Jon Helge Sætre is Associate Professor in music education at the Norwegian Academy of Music (NMH). He is also the director of CEMPE, the NMH Centre for Excellence in Music Performance Education. Jon Helge worked as a teacher educator for many years at Oslo Metropolitan University, and he has a background as a performing musician with a particular focus on contemporary classical music. Music in compulsory schooling, music teachers and music teacher education have always been core interests for Jon Helge, both as a teacher educator, researcher and even as a performing musician.

Photo by Milad Gholami

How did you get involved with the FUTURED project?

I think my involvement in the FUTURED project has much to do with the doctoral thesis that I completed in 2014. It was one of the first research projects investigating the music subject in generalist teacher education and the teacher educators in it. In the concluding part of the thesis, I argue that there is an urgent need to rethink music as part of generalist teacher education, and in my opinion, this is exactly what FUTURED is aiming at. I was only able to investigate the perspectives of the teacher educators and the content of the courses. FUTURED takes it several steps further, for example by examining student teacher perspectives, testing new approaches through action research, and not the least by including a range of prominent Norwegian and international researchers into the project team. I am very glad to be a part of the team, and so happy that the FUTURED project leader Catharina Christophersen asked me to join.

How would you describe what you are doing in the FUTURED project?

In the first phase of the project, I have had the pleasure of working with Eyolf Nysæther (PhD-student in WP1) on a very interesting survey that aims to uncover who the student music teachers in Norwegian teacher education are. The survey contains questions about their cultural and musical background, their motivation for applying teacher education, and their thoughts about the music programme and future music teaching in schools.

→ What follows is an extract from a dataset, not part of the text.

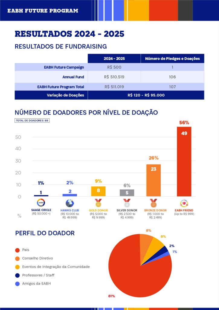 “Para a gente, eu acho que investir no Future Program da EABH é investir no futuro dos nossos filhos, é isto. E investir no futuro deles, é muito importante também, investir nas futuras gerações que virão, e vão poder usufruir da nossa futura escola, que eu amo muito, que é family, uma grande família, a gente está muito feliz de poder ajudar sempre, vamos lá, vamos contribuir!”

Brought together, the study will tell us a lot about the students as a group, and it is particularly interesting since the respondents are many and come from all around Norway.

What do you find fascinating about the work in your study?

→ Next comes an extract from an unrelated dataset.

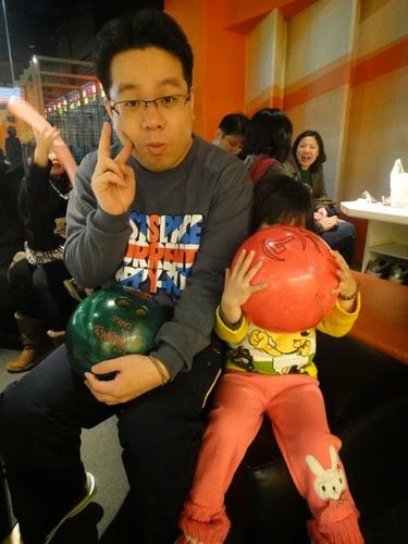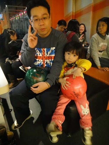 今天在這兩個小姊妹來運動一下,球場還有提供"寶寶專用"保齡球鞋喔!真的是太卡哇伊了~

One thing that I find particularly interesting is the mixed methods set-up of this part of FUTURED. The survey will provide an overall understanding of the student teacher population at large, point at tendencies, and help inform the design of and research questions in subsequent qualitative studies. Mixed methods research is a fruitful approach, but also time-consuming and scholarly demanding. But I really support the methodological choice, since it adds to the knowledge production by enabling a series of sub-studies that build on each other and combines different types of data. And I can tell you that there will come some very important and perhaps even surprising findings from the first survey study. So pay attention to the coming publications from Eyolf and the rest of the team.

What motivates you the most with the FUTURED project?

What really motivates me is to look for ways to combine high professional expectations in teacher education and a more inclusive conceptualisation of music teacher competence. Children in schools deserve the best possible music teachers, but we need to develop more nuanced, dynamic or multifaceted ideas of what that means. Because generalist teacher education provides the majority of teachers teaching music in schools, and we need them to become as good as they possibly can in ways that are meaningful and feasible to them within the study hours at hand. Solving this problem is quite a challenge and at the same time very motivating.